When Life Happened(7)

By: Jewel E. Ann

“I’ll be by around nine,” he said while walking away so she wouldn’t have a chance to argue anymore.


“Wait a minute, buddy.” Gus grabbed the wrist of his sidekick for the day a second before his pudgy little finger pushed the yellowed doorbell button.


Gus ruffled the mop of blond hair hanging in the boy’s innocent brown eyes, looking a bit like Rags. “We’re early. Let’s just hang out here on the porch for a few minutes.”

They sat on the top porch step, watching the birds and squirrels flitter and skitter about as Parker belted out the second verse to Taylor Swift’s “Shake it Off.”

“I like this song.”

Gus chuckled. “Yeah? Sounds like she does too.”

Maroon 5’s “Moves Like Jagger” followed Taylor. Parker also knew every word to that song. Glancing at the clock on his phone, Gus’s mouth twisted into a grin with a slight head shake while the nine-year-old boy bobbed his floppy-haired noggin, his foot tapping to the beat. At 8:55 the concert ended. They waited the final five minutes to make sure there would not be an encore performance.

When they felt satisfied the curtain was down and the stage lights were off for good, the boy rang the doorbell as Gus stood a few feet back inspecting the empty flower boxes beneath the windows and hanging planters at each corner waiting to be filled.

“Just a minute!”

Before Gus could stop him, the eager finger pushed the yellowed button one more time.

“I said just a minute, not just a second.” Parker swung open the door, breathless, sweaty, and instantly grinning at the impatient culprit. “Oh, wow! I thought you said you didn’t have kids.”

Gus tried and failed at not homing in on her short gray dress that looked like something one might wear playing tennis. “No.

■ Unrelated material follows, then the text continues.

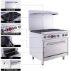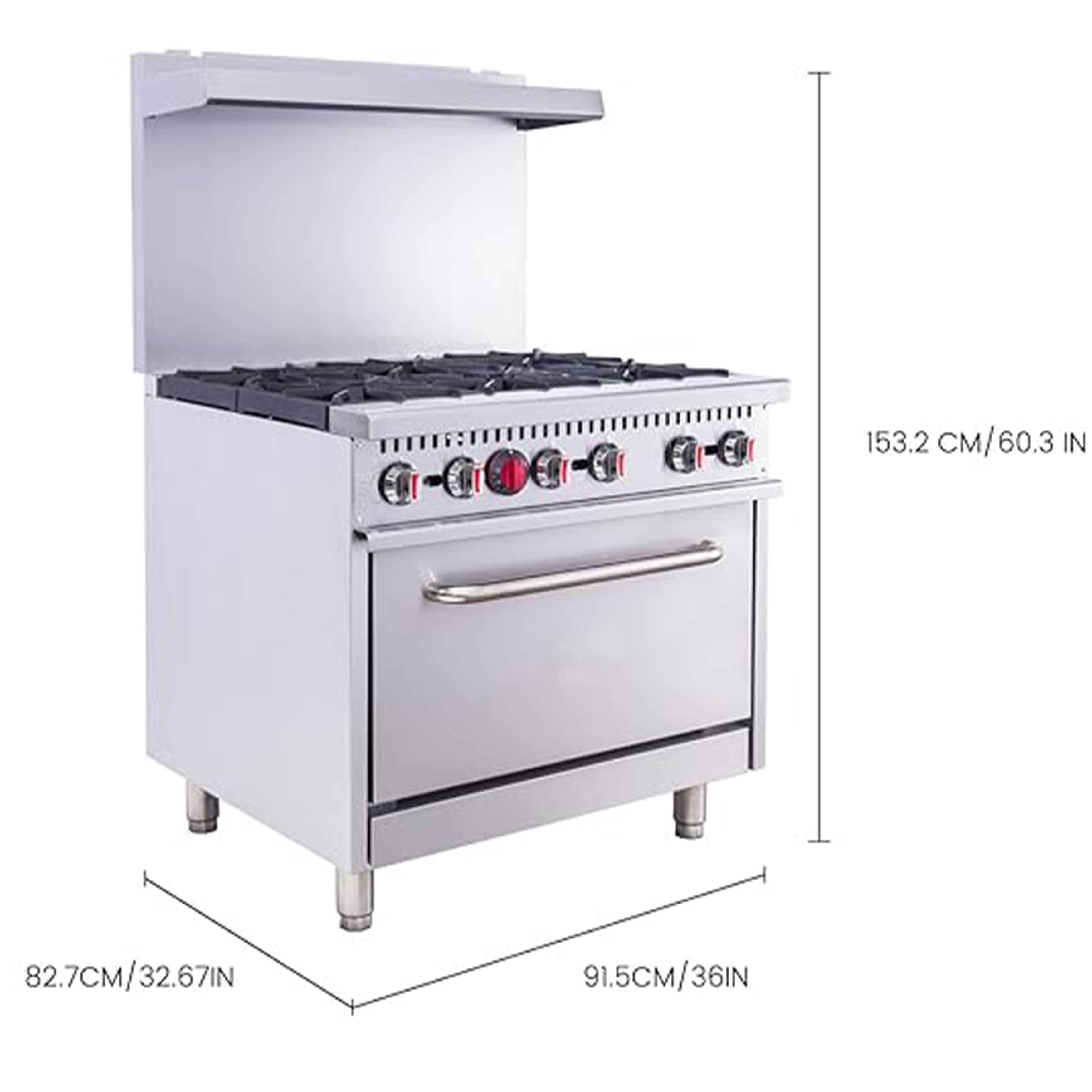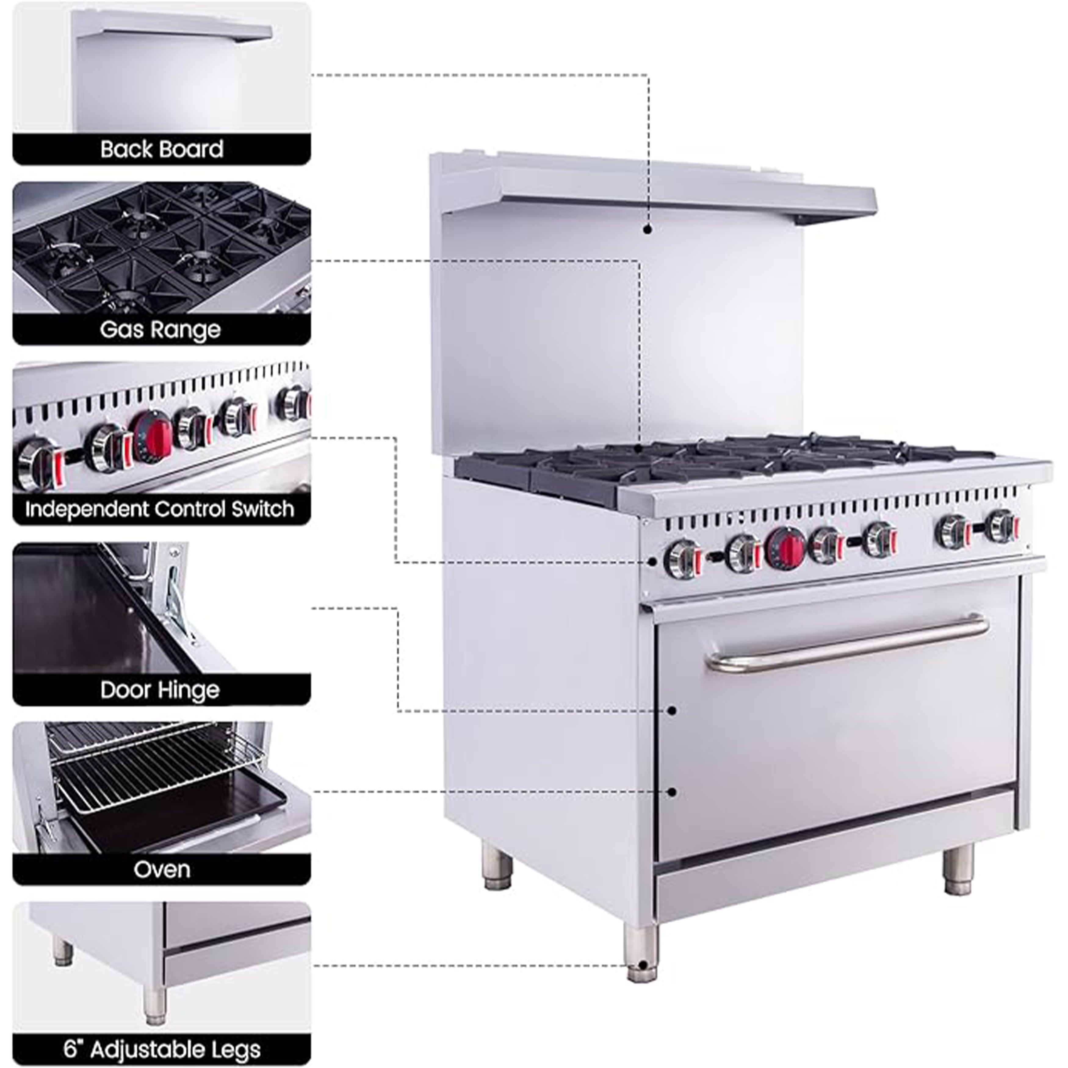 【 Product 】You will get a gas range stove, the overall size is 36″W X 32.5″D X 61″H, this freestanding range has 6 burners, each burner provides 30,000 BTU/hour of heat, giving you a steady fire. Heavy-duty cast iron grates can support pans, frying pans and other cookware, each burner has an independent controller to adjust the heat, you can fry, boil, saute, stew and many other cooking methods at the same time.【 ETL Certification】Oven range is made of high-quality stainless steel, high-temperature resistance, firm, anti-rust, and long service life. Independent metal knobs. Grates are made of Cast Iron. Stainless steel stove is manufactured with high-quality production technology, adopt a polished design, with a high-grade and professional appearance, and can be integrated into any kitchen design.【 Standard Oven 】 Equipped with a spacious oven, the temperature can be adjusted from 250-550°F. Oven burners are rated at 30,000 BTU/hr. The oven has 2 adjustable racks that can be adjusted as needed.【 Easy to Clean】Stainless steel structure gives the gas ranges superior cleanability, the food is not easy to stick, so the cleaning is simple. The removable tray captures food particles and crumbs for quick and easy cleanup.【 Wide Applicability 】6″ Stainless steel adjustable heavy-duty legs that can be adjusted according to your needs. Rear shelf can be placed for spices and other supplies. Range oven can be used in cafeteria, stores, snack bar. With this kitchen range is indispensable to any busy kitchen where space is at a premium. This unit ships ready for a natural gas connection, but can be converted to accept liquid propane, equipped with regulator.

This is my nephew, Brady. Brady, this is Parker.” He wanted kids, a gaggle of them running amuck and suiting up for little league, but his wife adopted a job instead.

“Hi, Brady.” Parker bent down to his eye level and smiled until her nose wrinkled. “I do believe you are the most handsome little boy I have ever met.”

He grinned and shook his head as if to see her better through his long, disheveled bangs. “Hi.”

“You’re out of breath.” Gus attempted to control his lingering amusement by rubbing his lips together.

Parker slicked back a few stray hairs then tightened her ponytail. “Yeah, I was tramping.”

Gus covered Brady’s ears. “Excuse me?”

She shook her head. “Sorry, rebounding … jumping … mini trampoline.”

“Ah, I see.”

Brady shoved Gus’s hands away from his head.

“Come in.” She held open the door as Brady stepped in first followed by Gus.

“Here, buddy, carry this.” Handing Brady his tool belt, Gus brought in a fancy-looking tool bag.

Her living room consisted of bare blue walls, a blue futon, a red bean bag, and a mini trampoline amid newly refinished dark wood floors. No knickknacks, pictures, scented candles, or anything else that gave a house the feel of home—except the smell of coffee.

“Male bonding, huh? I hope you two have more planned today than moving my outlets.”

“Little league game,” Gus said.

“Is that what they call geriatric baseball? Must be a Parks and Rec thing you’re doing. Huh, Gus?”

The gift of her contagious smile was worth the sacrifice of being the object of her amusement.

Scratching his chin, Gus pursed his lips. “Fun little jabs in front of my nephew. That’s not really fair, is it?”

“How so?” Mischief danced in the blue depths of her eyes.

“I have to be a role model, which prevents me from saying anything back to you.”

“What could you possibly say back to me?” She tapped her chin with her finger as her eyes rolled to the ceiling.

“Nothing, I suppose. Except maybe a bit about your karaoke performance.”

She nodded slowly, eyes flitting between Gus and Brady. “You were here early.”

“A bit.” Gus simpered.

“Define ‘a bit.’”

“Taylor Swift early.”

Her narrowed eyes grew wide with surprise. “And you … what? Stood at the door listening to me?”